Entries taken from a collection
::::::::::

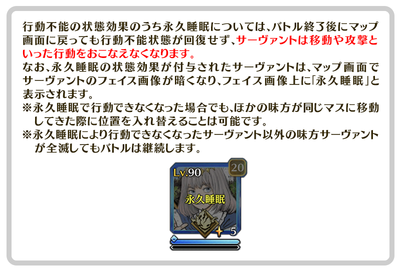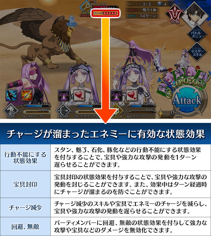 これらの攻撃には「スタン」「魅了」などの対象を行動不能にする状態効果、および「宝具封印」の状態効果などが有効です。
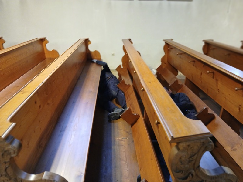 Als erstes entfernten die Elektriker die veraltete Sitzheizung unter den Bänken.
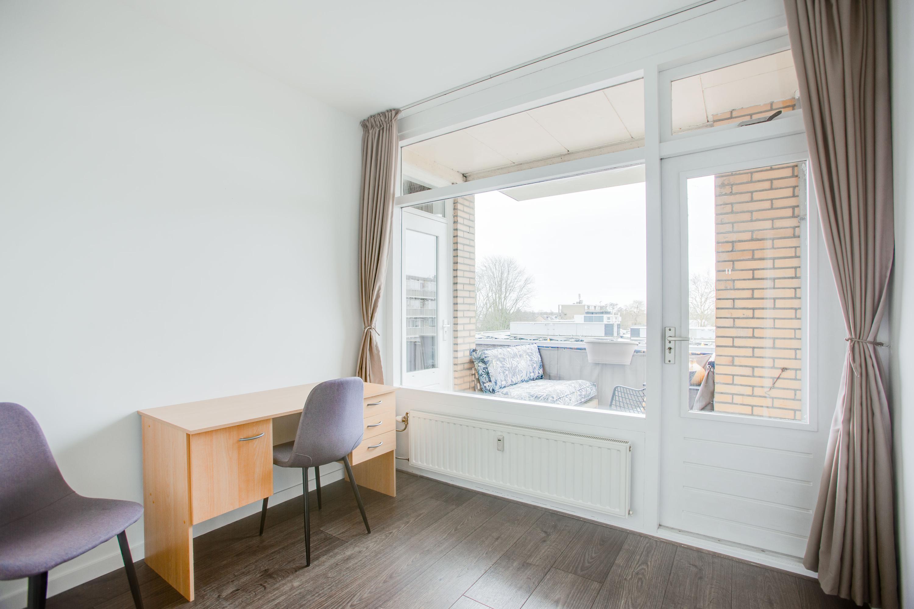 Beide slaapkamers zijn van een mooi formaat, de grote ramen zorgen voor een fijne lichtinval. De op het zuiden gelegen slaapkamer biedt toegang tot een balkon.
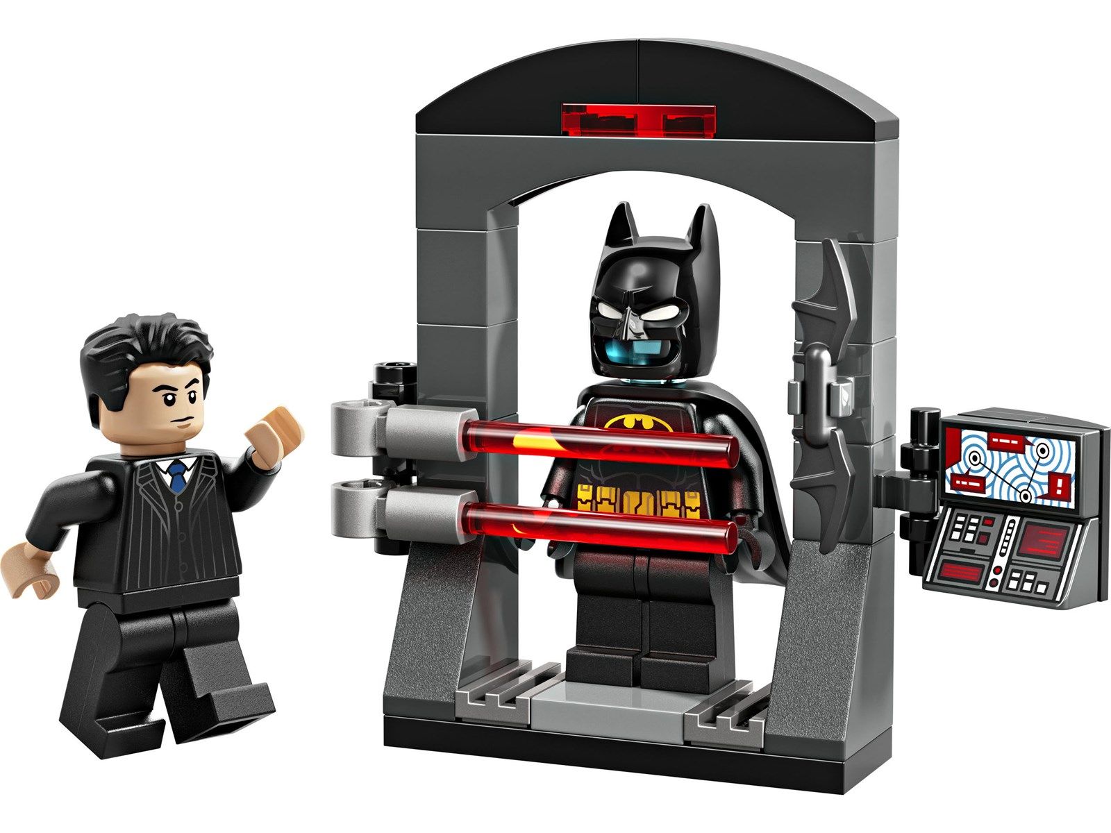 În Batcave™, Bruce Wayne™ lucrează la Batcomputer. Batcostumul său este în apropiere, păzit cu raze laser. Pentru a ajunge la costum, copiii trebuie să deblocheze toate razele.
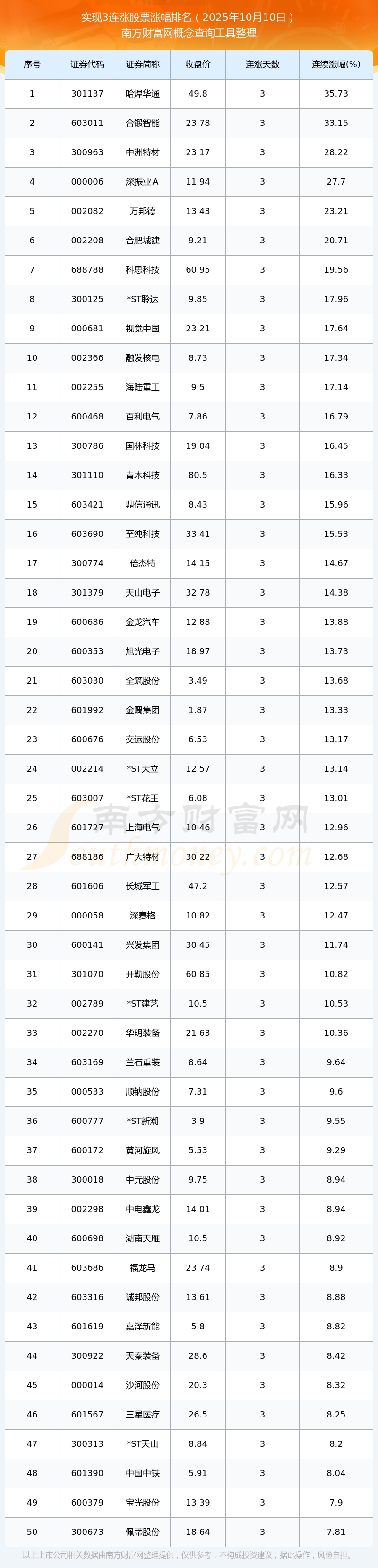 2025年10月10日實現(xiàn)3連漲股票漲幅排名
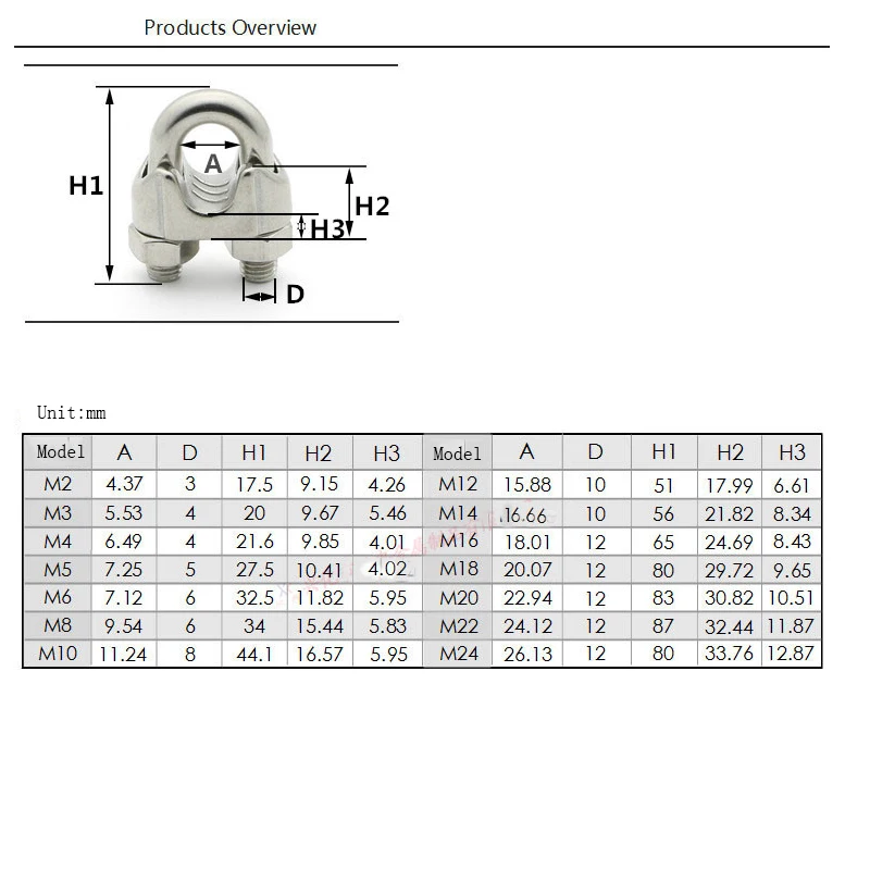 U-образные зажимы для проволочного троса M234568101214 мм, зажимы для проволочного троса, кабельные болты, зажимы для оборудования 304 из нержавеющей стали
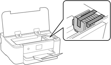 - Ouvrez le capot de l'imprimante et fixez bien le logement des cartouches d'encre à l'imprimante comme illustré.
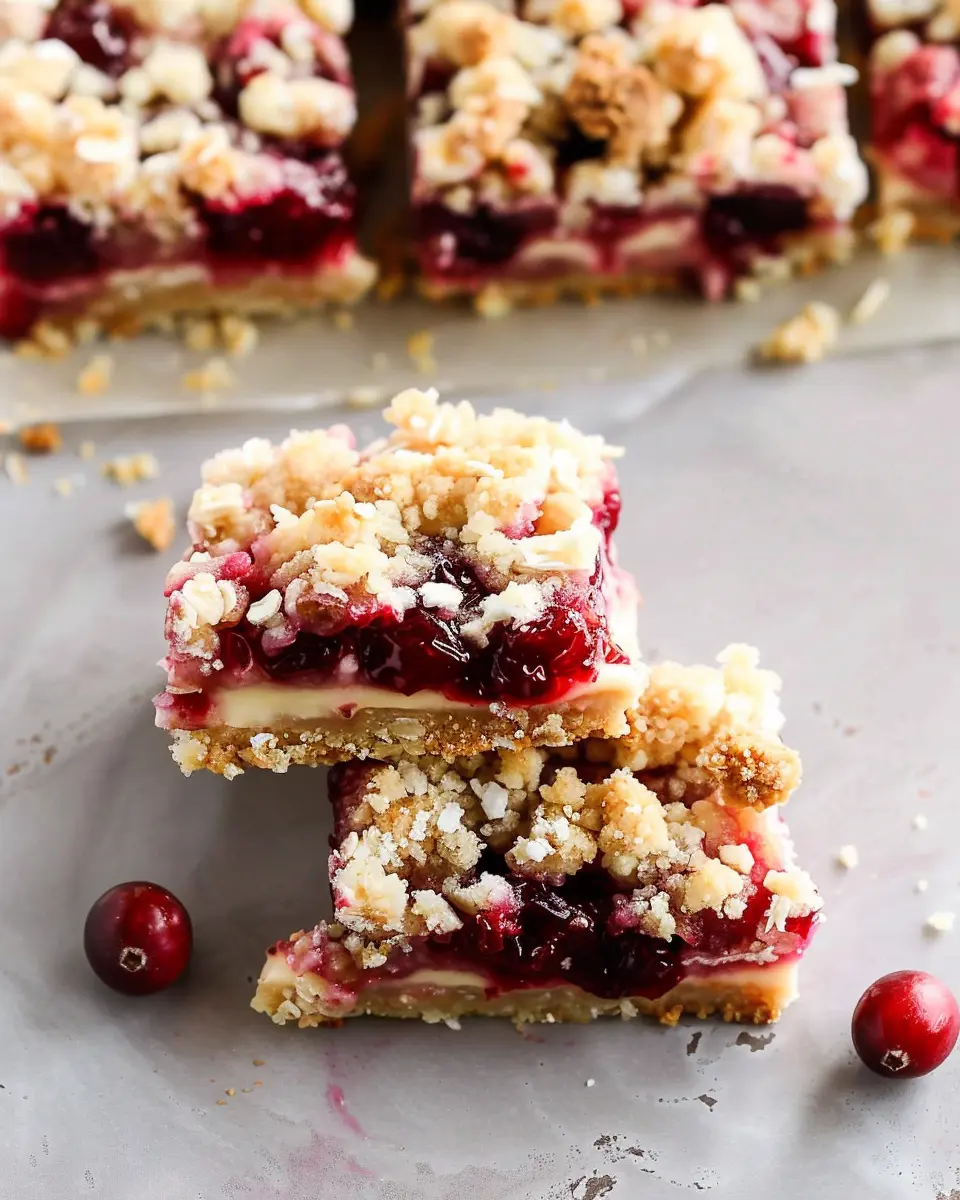 Creating these bars doesn’t require advanced baking skills, either. With a few basic ingredients like oats, butter, flour, and those tart cranberries, you can master this recipe effortlessly. Don’t take my word for it; expert bakers rave about how easily they come together! According to a study by the American Baking Association, simpler recipes tend to encourage more people to bake at home, and these bars are just that—simple yet stunning.
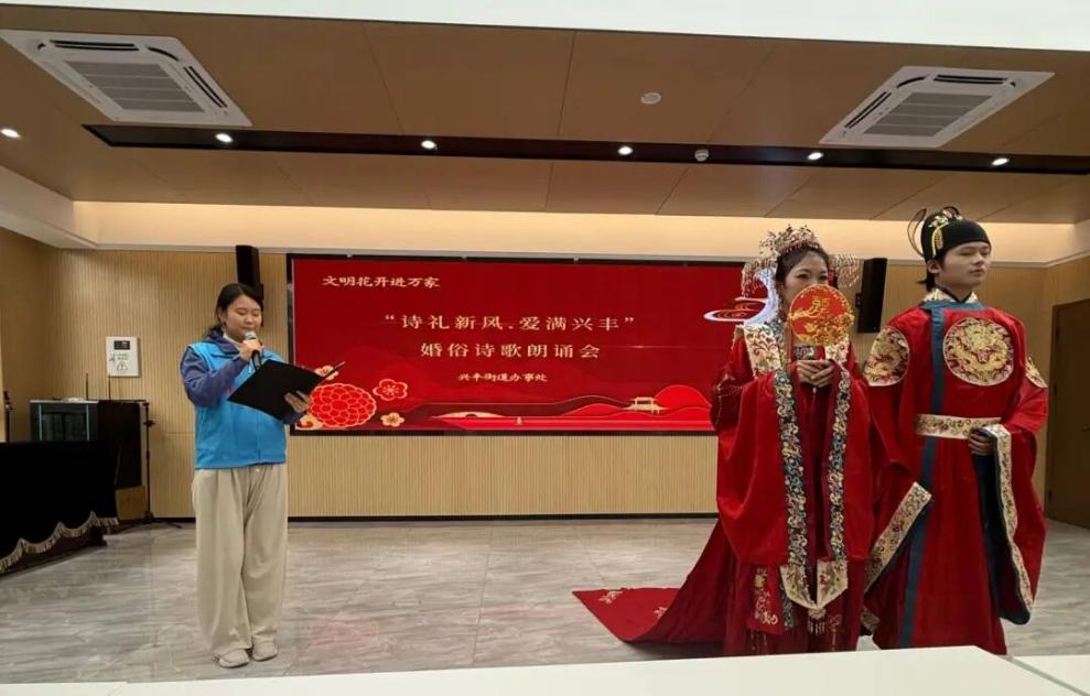 志愿者们在会场担任传统华服“代言人”,身着精美的明制婚服,化身传统婚俗的主角,展示传统服饰之美;志愿者们在会场担任朗诵会的“主持人”,以沉稳的台风和流畅的衔接串联整场活动,让观众沉浸在诗歌的韵律和婚俗的文化内涵当中;志愿者们在会场担任文明新风的“讲述者”,在婚俗采访环节,用生动自然的表达分享当代年轻人对文明婚俗新理念的理解。
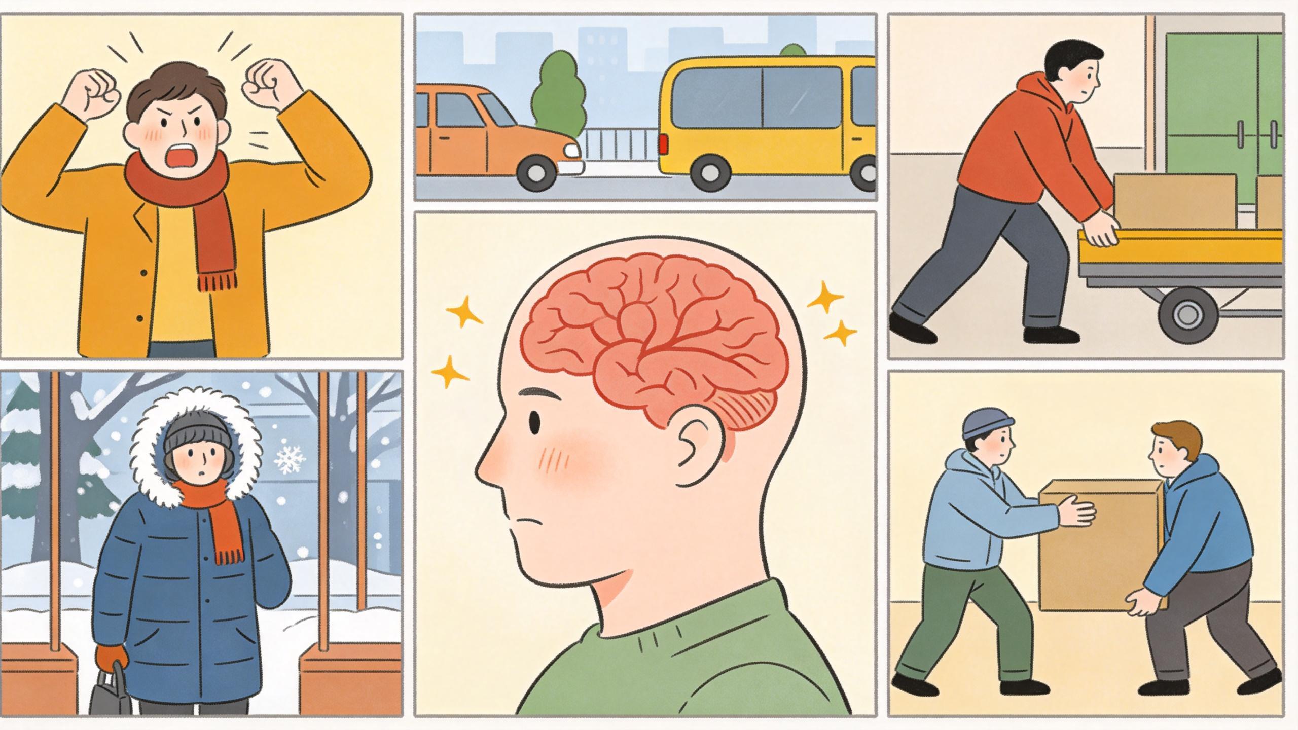 - 突然的寒冷刺激:寒冬清晨,從溫暖的被窩走到冰冷的室外,血管會急劇收縮,血壓驟升。數據顯示,氣溫驟降時,腦出血的發生率會顯著上升。

::::::::::

Instructions to follow:
Transcribe exactly the lines above, beginning at the one with "Als erstes entfernten" and going up to and including the one with "Beide slaapkamers zijn". Pictures do not belong in the copy.

Final answer:
 Als erstes entfernten die Elektriker die veraltete Sitzheizung unter den Bänken.
 Beide slaapkamers zijn van een mooi formaat, de grote ramen zorgen voor een fijne lichtinval. De op het zuiden gelegen slaapkamer biedt toegang tot een balkon.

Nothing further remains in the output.